▶ Dataset content:
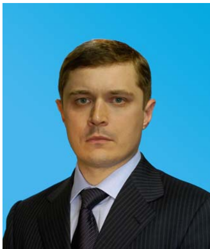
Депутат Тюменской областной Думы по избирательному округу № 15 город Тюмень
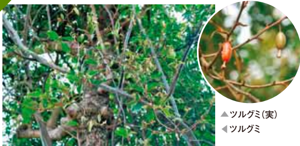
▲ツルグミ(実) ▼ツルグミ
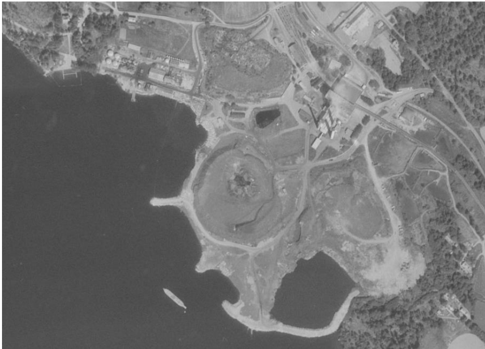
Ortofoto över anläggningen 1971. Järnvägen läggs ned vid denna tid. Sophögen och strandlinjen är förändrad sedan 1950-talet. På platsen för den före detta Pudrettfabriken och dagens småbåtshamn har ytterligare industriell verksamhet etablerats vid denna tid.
==
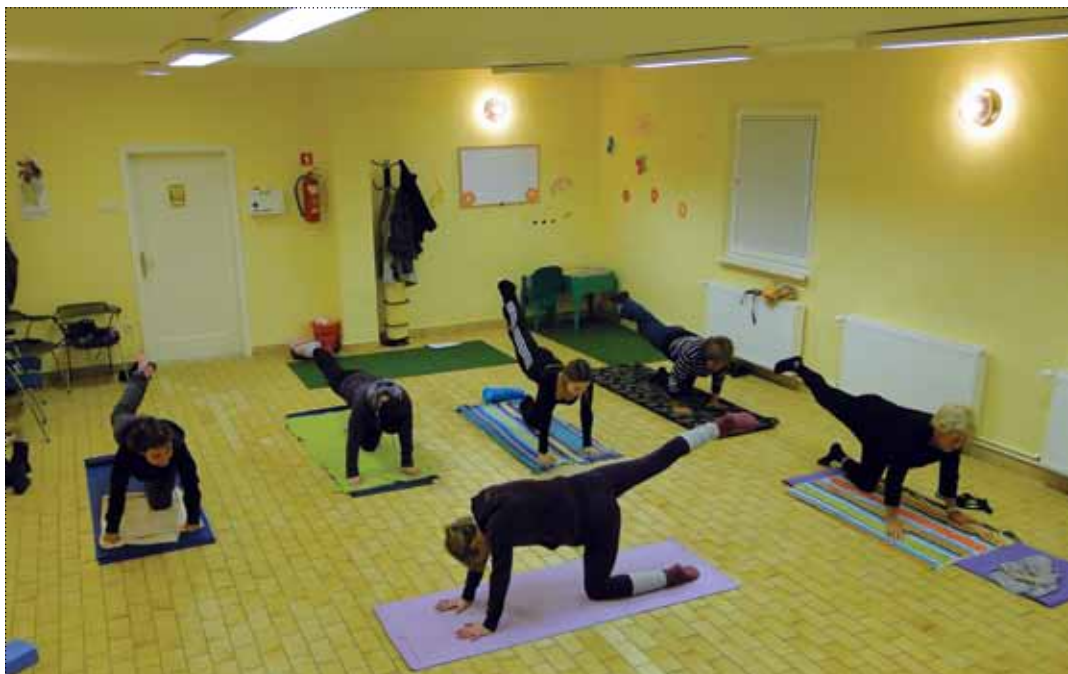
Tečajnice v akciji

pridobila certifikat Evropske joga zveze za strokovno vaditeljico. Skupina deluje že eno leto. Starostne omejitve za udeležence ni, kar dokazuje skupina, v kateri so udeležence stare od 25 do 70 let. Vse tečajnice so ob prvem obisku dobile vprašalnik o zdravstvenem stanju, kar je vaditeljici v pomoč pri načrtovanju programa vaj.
==
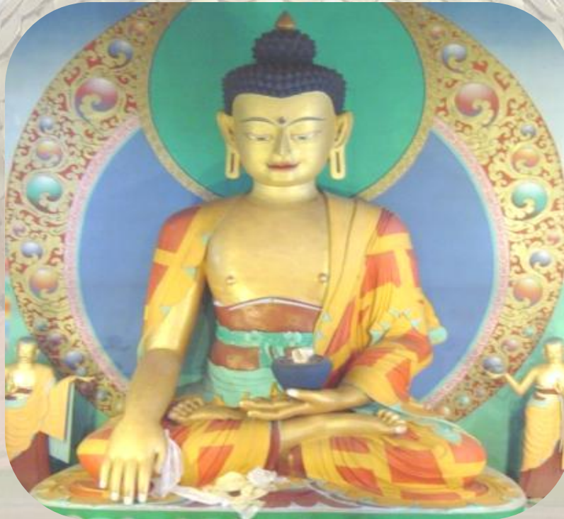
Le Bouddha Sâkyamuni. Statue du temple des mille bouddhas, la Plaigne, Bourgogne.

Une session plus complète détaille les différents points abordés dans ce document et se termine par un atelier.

▶ Task requirements: With the pictures omitted, restate word for word the lines above from the line that has "Депутат Тюменской областной" up to and including the line that has "Ortofoto över anläggningen", and no other lines.

▶ Solution for this exercise:
Депутат Тюменской областной Думы по избирательному округу № 15 город Тюмень
▲ツルグミ(実) ▼ツルグミ
Ortofoto över anläggningen 1971. Järnvägen läggs ned vid denna tid. Sophögen och strandlinjen är förändrad sedan 1950-talet. På platsen för den före detta Pudrettfabriken och dagens småbåtshamn har ytterligare industriell verksamhet etablerats vid denna tid.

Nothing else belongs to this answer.